_TRY IT_. Set every line of the data down again exactly, and keep the pictures out.

_DATA EXCERPT_.
---------------

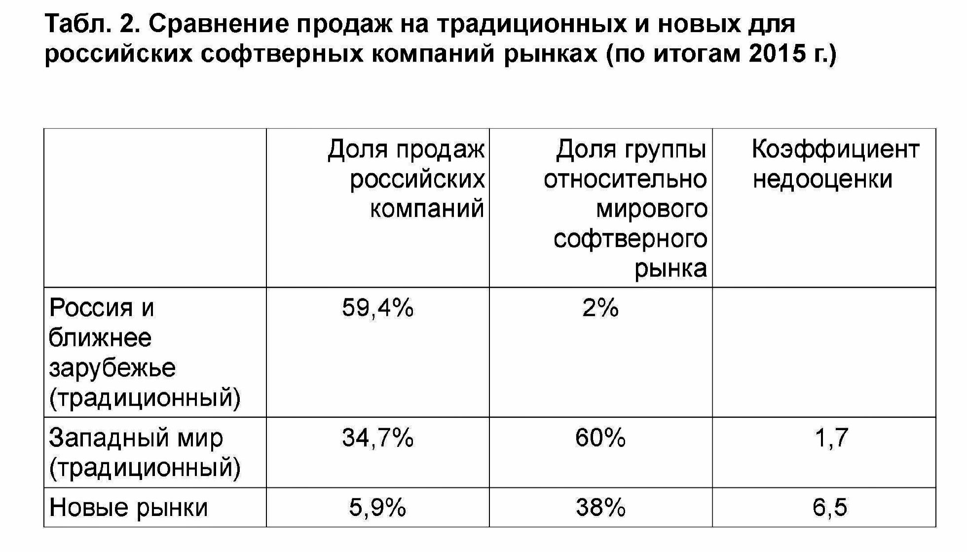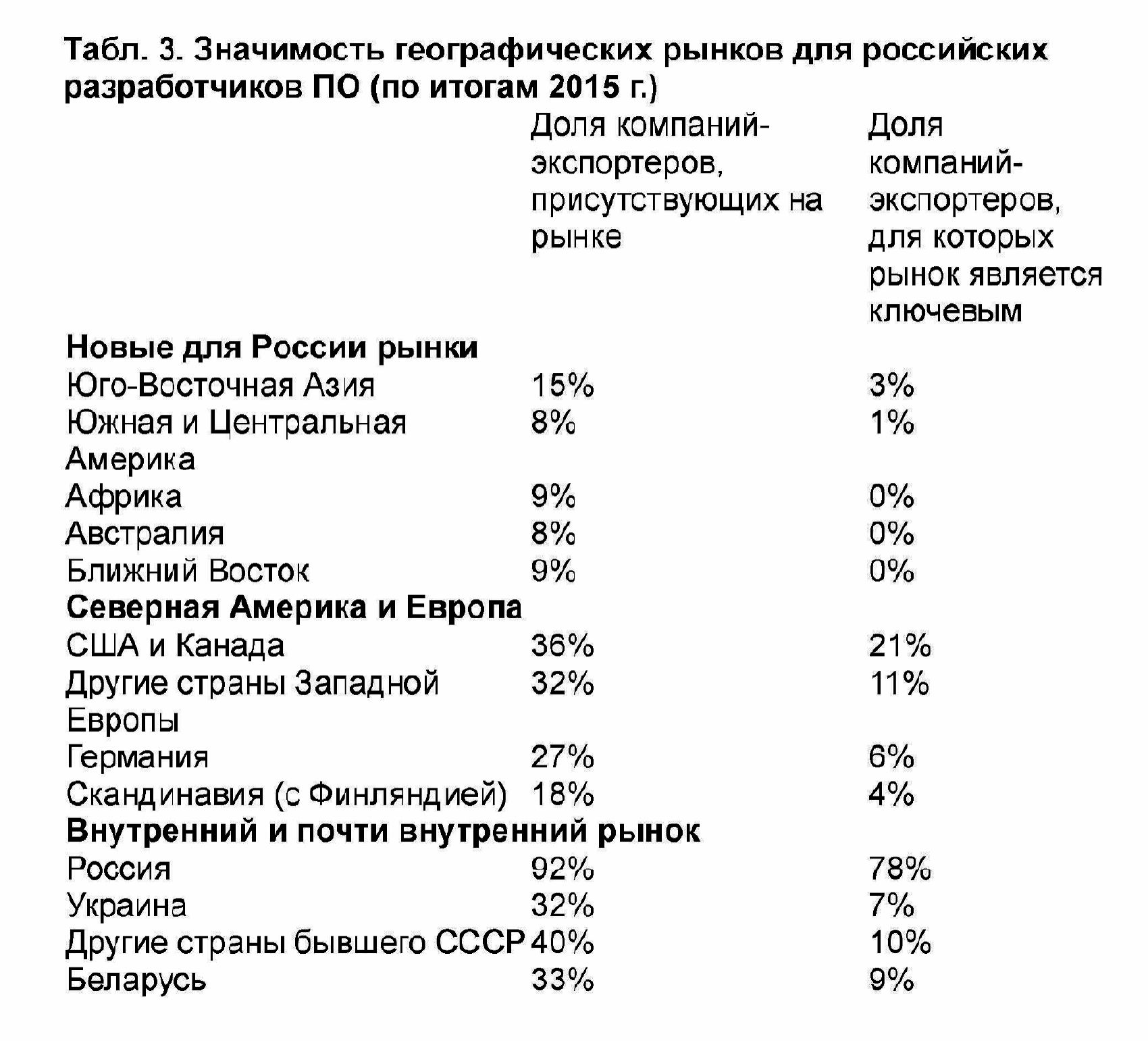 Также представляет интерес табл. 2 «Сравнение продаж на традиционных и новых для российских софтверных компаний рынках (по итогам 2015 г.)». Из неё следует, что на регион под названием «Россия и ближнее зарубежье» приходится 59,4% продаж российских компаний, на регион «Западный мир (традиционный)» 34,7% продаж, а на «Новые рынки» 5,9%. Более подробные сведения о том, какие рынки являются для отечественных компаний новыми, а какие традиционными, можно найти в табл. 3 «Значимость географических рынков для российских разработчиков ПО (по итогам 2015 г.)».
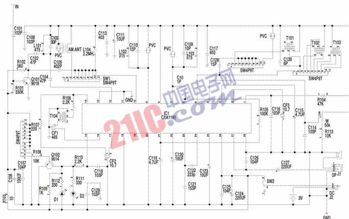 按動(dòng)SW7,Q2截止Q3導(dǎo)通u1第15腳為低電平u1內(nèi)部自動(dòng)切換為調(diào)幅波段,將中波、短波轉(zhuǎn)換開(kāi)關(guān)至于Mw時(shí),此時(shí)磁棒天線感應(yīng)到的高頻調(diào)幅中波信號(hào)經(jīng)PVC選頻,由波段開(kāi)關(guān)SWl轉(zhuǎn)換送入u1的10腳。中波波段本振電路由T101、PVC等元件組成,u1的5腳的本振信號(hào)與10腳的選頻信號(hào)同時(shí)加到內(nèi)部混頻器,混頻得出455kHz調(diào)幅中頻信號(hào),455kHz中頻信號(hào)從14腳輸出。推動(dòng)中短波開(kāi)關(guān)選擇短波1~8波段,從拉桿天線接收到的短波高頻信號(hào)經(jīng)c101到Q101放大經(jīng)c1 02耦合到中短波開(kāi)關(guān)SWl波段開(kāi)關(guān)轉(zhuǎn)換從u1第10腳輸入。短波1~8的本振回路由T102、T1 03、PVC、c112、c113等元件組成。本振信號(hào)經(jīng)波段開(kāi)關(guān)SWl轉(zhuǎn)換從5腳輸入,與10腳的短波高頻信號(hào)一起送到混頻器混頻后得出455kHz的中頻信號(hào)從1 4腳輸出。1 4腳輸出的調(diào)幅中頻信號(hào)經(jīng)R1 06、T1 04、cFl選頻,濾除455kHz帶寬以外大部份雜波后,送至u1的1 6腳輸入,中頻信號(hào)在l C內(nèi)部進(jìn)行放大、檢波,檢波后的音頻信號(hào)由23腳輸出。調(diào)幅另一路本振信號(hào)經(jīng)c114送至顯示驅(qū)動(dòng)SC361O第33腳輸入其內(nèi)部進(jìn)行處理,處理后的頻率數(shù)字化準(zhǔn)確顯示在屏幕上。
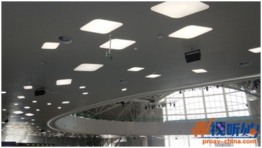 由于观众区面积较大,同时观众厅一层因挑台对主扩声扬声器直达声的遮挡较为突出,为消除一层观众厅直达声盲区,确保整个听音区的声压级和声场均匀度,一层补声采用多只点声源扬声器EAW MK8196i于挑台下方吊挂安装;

---------------

_ANSWER_.
 Также представляет интерес табл. 2 «Сравнение продаж на традиционных и новых для российских софтверных компаний рынках (по итогам 2015 г.)». Из неё следует, что на регион под названием «Россия и ближнее зарубежье» приходится 59,4% продаж российских компаний, на регион «Западный мир (традиционный)» 34,7% продаж, а на «Новые рынки» 5,9%. Более подробные сведения о том, какие рынки являются для отечественных компаний новыми, а какие традиционными, можно найти в табл. 3 «Значимость географических рынков для российских разработчиков ПО (по итогам 2015 г.)».
 按動(dòng)SW7,Q2截止Q3導(dǎo)通u1第15腳為低電平u1內(nèi)部自動(dòng)切換為調(diào)幅波段,將中波、短波轉(zhuǎn)換開(kāi)關(guān)至于Mw時(shí),此時(shí)磁棒天線感應(yīng)到的高頻調(diào)幅中波信號(hào)經(jīng)PVC選頻,由波段開(kāi)關(guān)SWl轉(zhuǎn)換送入u1的10腳。中波波段本振電路由T101、PVC等元件組成,u1的5腳的本振信號(hào)與10腳的選頻信號(hào)同時(shí)加到內(nèi)部混頻器,混頻得出455kHz調(diào)幅中頻信號(hào),455kHz中頻信號(hào)從14腳輸出。推動(dòng)中短波開(kāi)關(guān)選擇短波1~8波段,從拉桿天線接收到的短波高頻信號(hào)經(jīng)c101到Q101放大經(jīng)c1 02耦合到中短波開(kāi)關(guān)SWl波段開(kāi)關(guān)轉(zhuǎn)換從u1第10腳輸入。短波1~8的本振回路由T102、T1 03、PVC、c112、c113等元件組成。本振信號(hào)經(jīng)波段開(kāi)關(guān)SWl轉(zhuǎn)換從5腳輸入,與10腳的短波高頻信號(hào)一起送到混頻器混頻后得出455kHz的中頻信號(hào)從1 4腳輸出。1 4腳輸出的調(diào)幅中頻信號(hào)經(jīng)R1 06、T1 04、cFl選頻,濾除455kHz帶寬以外大部份雜波后,送至u1的1 6腳輸入,中頻信號(hào)在l C內(nèi)部進(jìn)行放大、檢波,檢波后的音頻信號(hào)由23腳輸出。調(diào)幅另一路本振信號(hào)經(jīng)c114送至顯示驅(qū)動(dòng)SC361O第33腳輸入其內(nèi)部進(jìn)行處理,處理后的頻率數(shù)字化準(zhǔn)確顯示在屏幕上。
 由于观众区面积较大,同时观众厅一层因挑台对主扩声扬声器直达声的遮挡较为突出,为消除一层观众厅直达声盲区,确保整个听音区的声压级和声场均匀度,一层补声采用多只点声源扬声器EAW MK8196i于挑台下方吊挂安装;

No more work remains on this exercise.